TL; DR : recursion is used to process inductively defined data that is ubiquitous.
Recursion is natural when you work at higher levels of abstraction. Functional programming is not only about function coding; it's about working at higher levels of abstraction, where you naturally use functions. Using functions, it is natural to reuse the same function (call it again), from any context where it makes sense.
The world is built by repeating similar / identical building blocks. If you cut a piece of fabric in half, you have two pieces of fabric. Mathematical induction underlies mathematics. We humans think (like, 1,2,3 ...). Any inductively defined thing (for example, {numbers from 1} are {1 and numbers from 2}) is naturally processed / analyzed by a recursive function, in accordance with the same cases in which this thing is defined / constructed.

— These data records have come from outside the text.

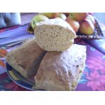 Я немного отступила от рецепта - хлопьев не было никаких и я заменила их молотым геркулесом. Скорее всего поэтому "мякиш" получился чуть клеклым. (Или надо было еще подержать в духовке?..) В любом случае, идея шикарная и располагает к дальнейшим экспериментам.
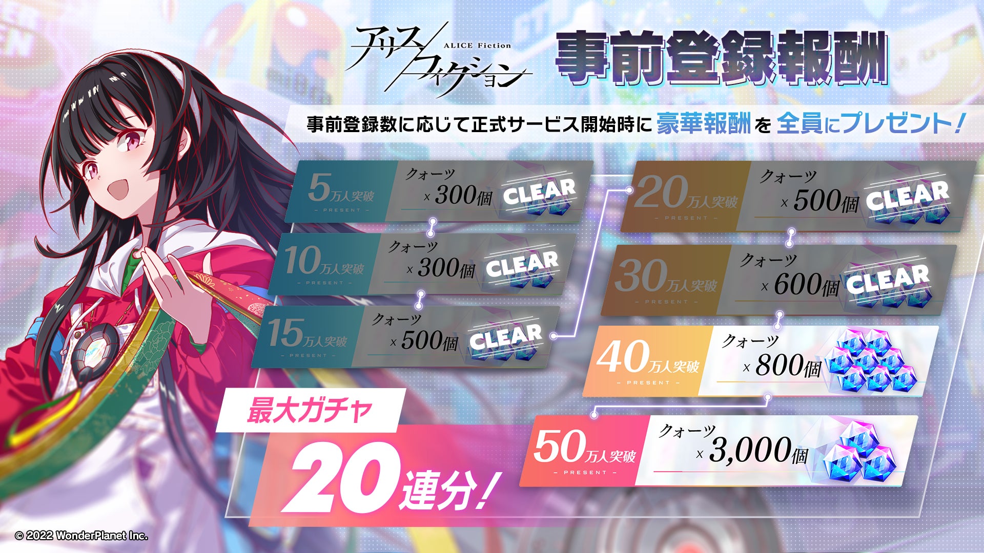 引き続き、『アリスフィクション』では、事前登録いただいた人数に応じて、正式リリース後に最大でガチャ20連分相当のクォーツを、全員にプレゼントいたします。サービス開始を楽しみにお待ちください。
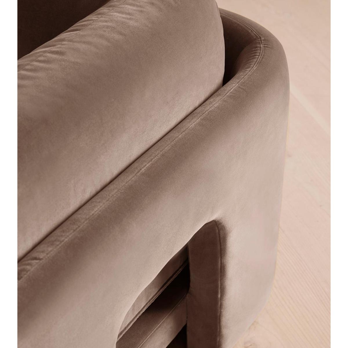Designed to be configured to your living space with individual modules, now built with a deeper sit than the original. A new introduction to our original Odell sofa range, this modular design has a deeper sit for enhanced lounging. Fully upholstered in velvet and finished with feather-wrapped cushions, its low profile is characterised by a unique arched back with cut-out detailing to create a focal point from every angle.
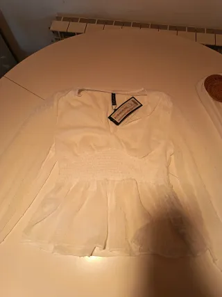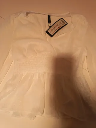 Blusa blanca con un diseño elegante y femenino. Perfecta para cualquier ocasión. - Mangas largas transparentes con pequeños lunares. - Cuerpo fruncido en la cintura para un ajuste favorecedor. - Volantes en el bajo para un toque de estilo. - Escote en V. Nueva con etiqueta
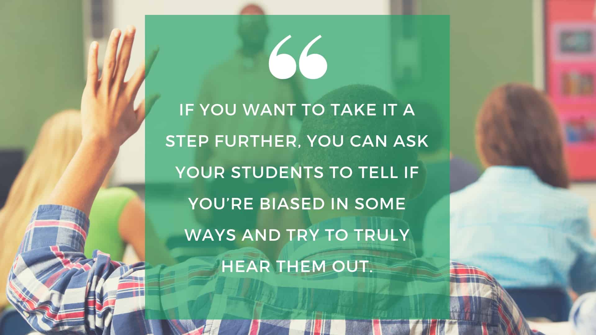 Probably the most important step, is to step back and carefully examine your own biases and stereotypes. If you want to take it a step further, you can ask your students to tell if you’re biased in some ways and try to truly hear them out. Students can help you identify your implicit bias, which you aren’t even aware that you hold.
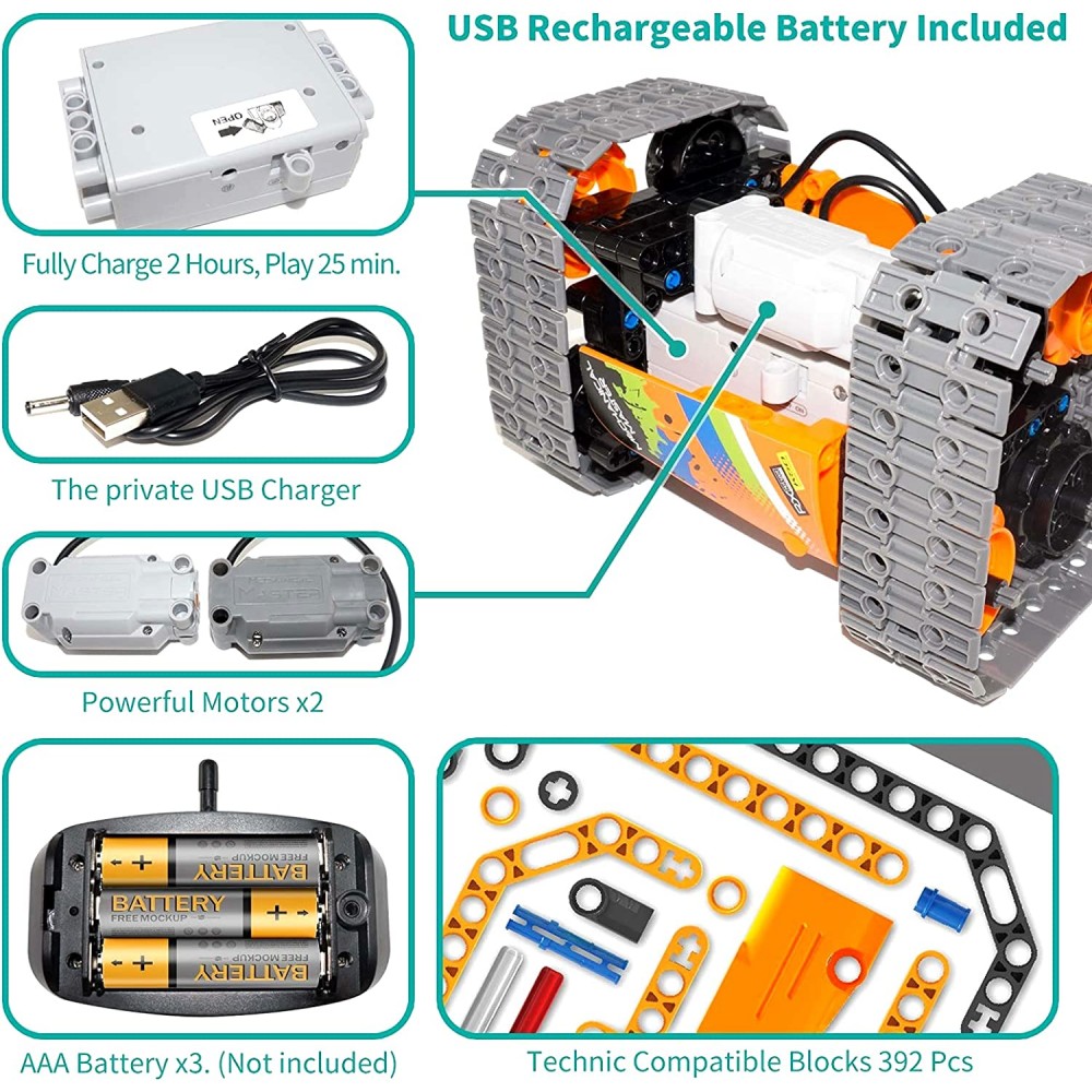 Coplus Kit de construcción STEM de control remoto, automóvil a control remoto, tanque, robot, corredor rastreado, 392 bloques Juguete
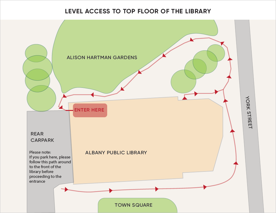 > Use the path along the north side of the library (via Alison Hartman Gardens).
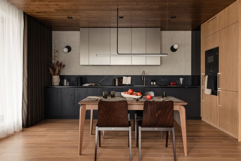 Pierwsze skrzypce w strefie dziennej miała grać kuchnia, miejsce idealne do eksperymentów kulinarnych. Prowadzi do niej, od samego wejścia, drewniany „szlak” na suficie. Jest on niewątpliwie najbardziej charakterystycznym elementem całego wnętrza. Piękny, wyrazisty sufit wykończony ciemnymi dębowymi deskami, wprowadza klimat góralskiej, a jednak nowoczesnej chaty. Przewrotne zastosowanie paneli podłogowych na innej płaszczyźnie i wyjście poza schemat dało niesamowity efekt.
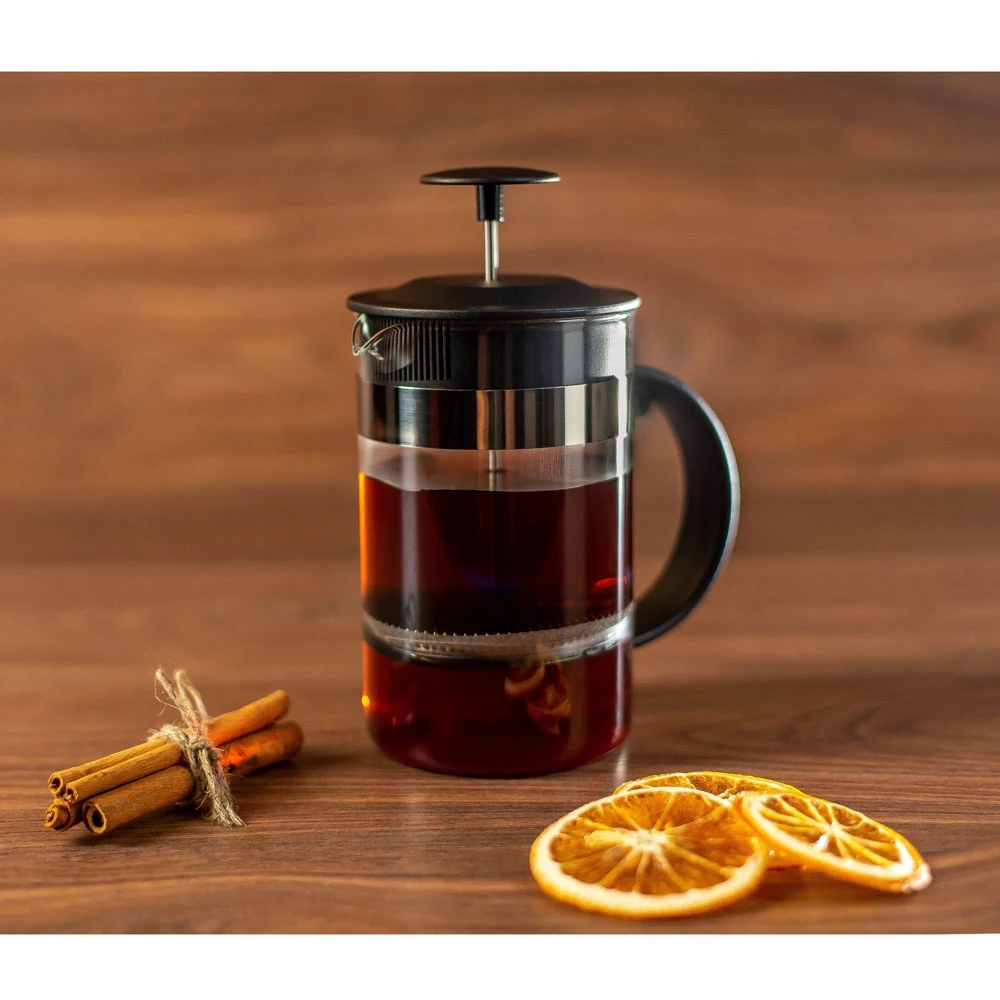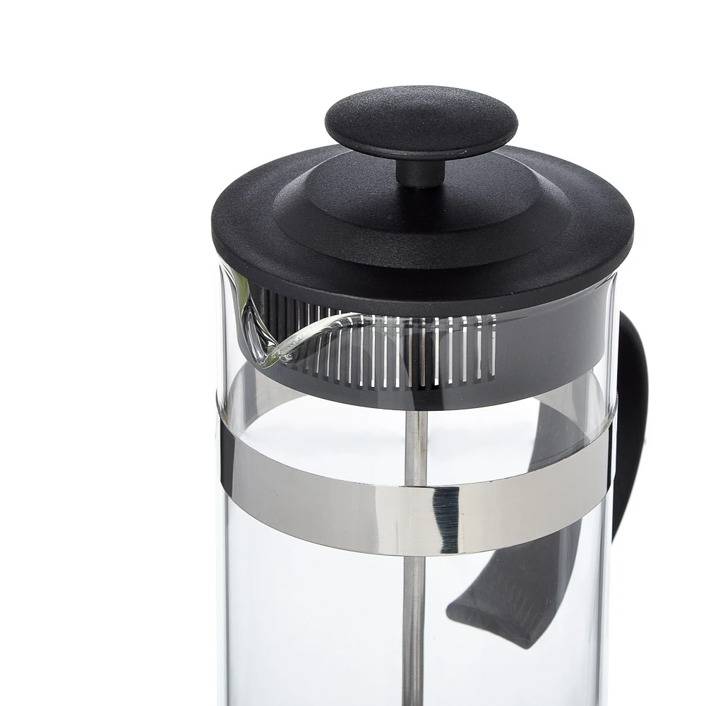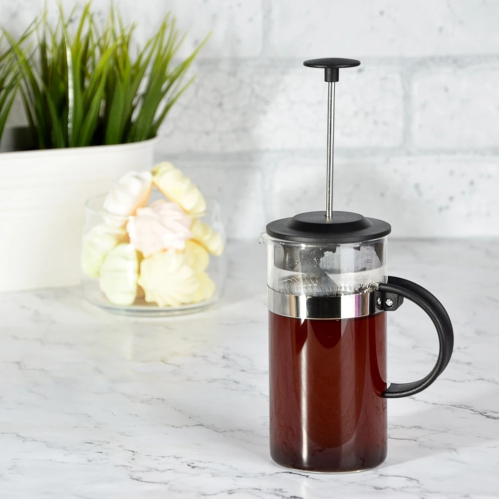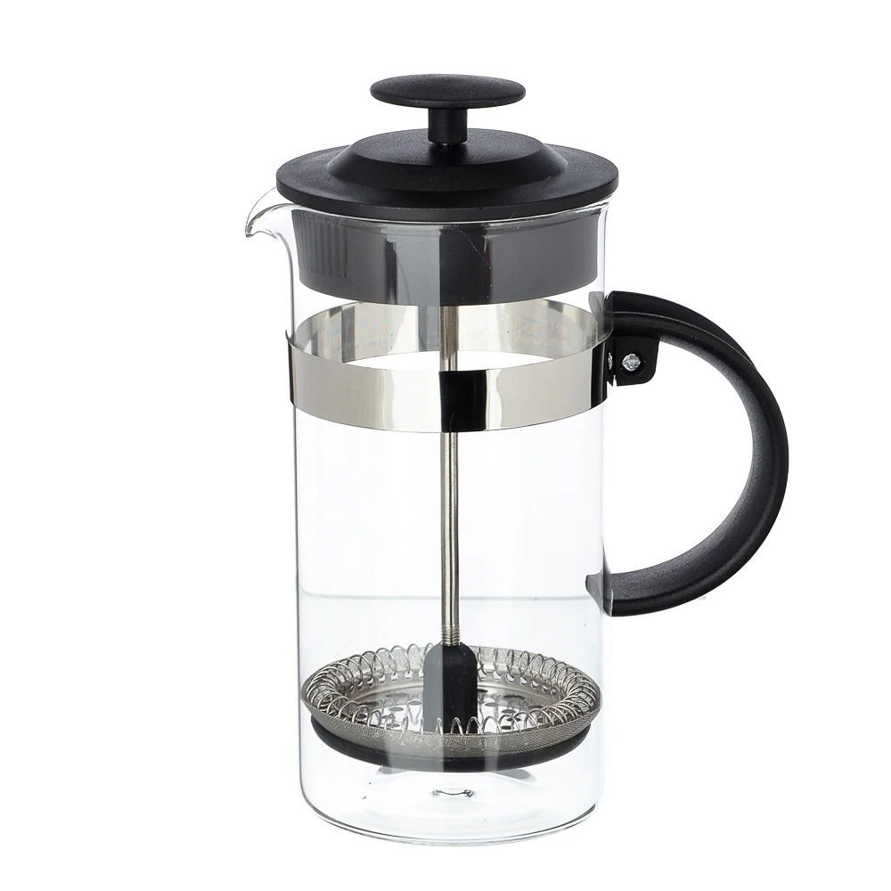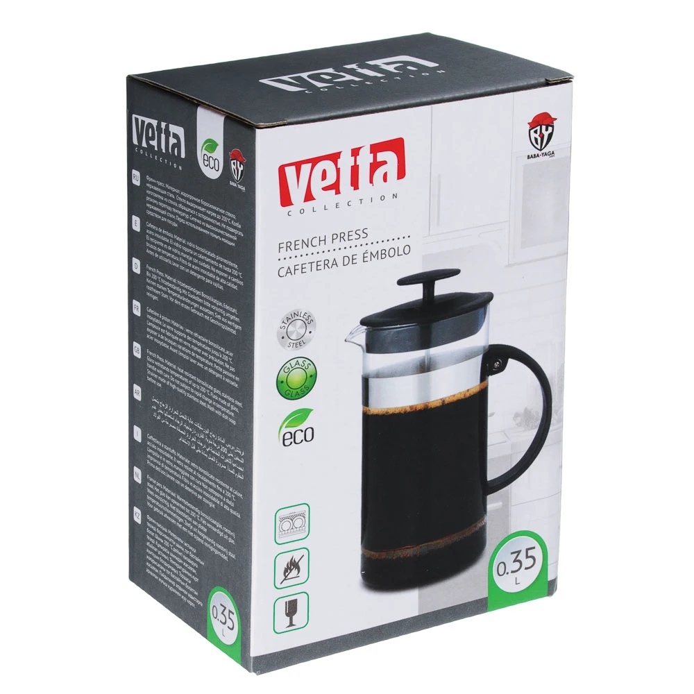 Френч-пресс из жаропрочного стекла объемом 350 мл в корпусе из пластика черного цвета и с фильтрующим поршнем из нержавеющей стали.

Recursion is everywhere. Any iterative loop is still overridden for recursion, because when you enter this loop, you enter the same loop again (only with different loop variables). Thus, this is not like inventing new concepts in the field of computing, it is more like discovering the basics and making it explicit.
So recursion is natural. We just write down some laws about our problem, some equations with a function we define that preserve some invariant (assuming that the function is coherently defined), redefining the problem in simplified terms and voila! We have a solution.
Example, function for calculating the length of a list (inductively defined recursive data type). Suppose it is defined and returns the length of the list, which is not surprising. What laws should he obey? What invariant is preserved under what simplification of the problem?
The most immediate thing is to list the list separately from its head element, and the rest is aka tail of the list (according to how the list is defined / built). Law,
length (x:xs) = 1 + length xs
D'ee! But what about an empty list? It must be that
length [] = 0
So how do we write such a function? ... Wait ... We already wrote this! (In Haskell, if you are wondering where the function application is expressed by matching, the brackets are used only for grouping, and (x:xs) is a list with x its first element and xs rest).
All we need for a language that allows this programming style is that it is TCO (and perhaps a little luxurious, TRMCO ), so there is no stack inflating, and we are set up.
Another thing - cleanliness - the immutability of code variables and / or data structures (record fields, etc.).
What this does is, in addition to freeing our minds from having to keep track of what is ever changing, it makes time clearly evident in our code, rather than hiding in our “changing” mutable variables / data. We can only “change” the value of a variable in the imperative code from now on - we cannot very well change its value in the past, can we?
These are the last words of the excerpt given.